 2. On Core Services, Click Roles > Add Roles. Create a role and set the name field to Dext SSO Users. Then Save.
* * *
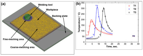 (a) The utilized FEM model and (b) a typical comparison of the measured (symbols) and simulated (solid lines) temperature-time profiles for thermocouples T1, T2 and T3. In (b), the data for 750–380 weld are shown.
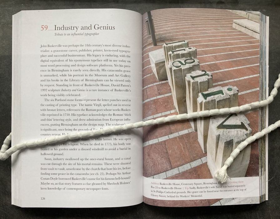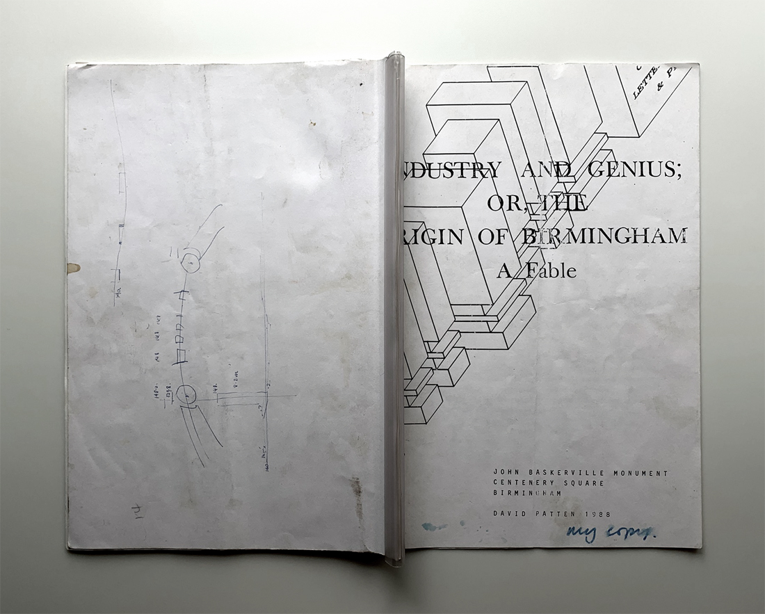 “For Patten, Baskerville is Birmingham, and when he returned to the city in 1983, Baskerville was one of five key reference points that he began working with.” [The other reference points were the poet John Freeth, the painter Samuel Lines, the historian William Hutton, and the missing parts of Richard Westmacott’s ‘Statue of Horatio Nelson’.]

* _EXERCISE BRIEF_
For this exercise, transcribe exactly the part of the records above that opens with the line containing "(a) The utilized" and closes with the one containing "of Horatio Nelson’.]". Pictures are not part of the copy.

* _WRITTEN RESPONSE_
 (a) The utilized FEM model and (b) a typical comparison of the measured (symbols) and simulated (solid lines) temperature-time profiles for thermocouples T1, T2 and T3. In (b), the data for 750–380 weld are shown.
 “For Patten, Baskerville is Birmingham, and when he returned to the city in 1983, Baskerville was one of five key reference points that he began working with.” [The other reference points were the poet John Freeth, the painter Samuel Lines, the historian William Hutton, and the missing parts of Richard Westmacott’s ‘Statue of Horatio Nelson’.]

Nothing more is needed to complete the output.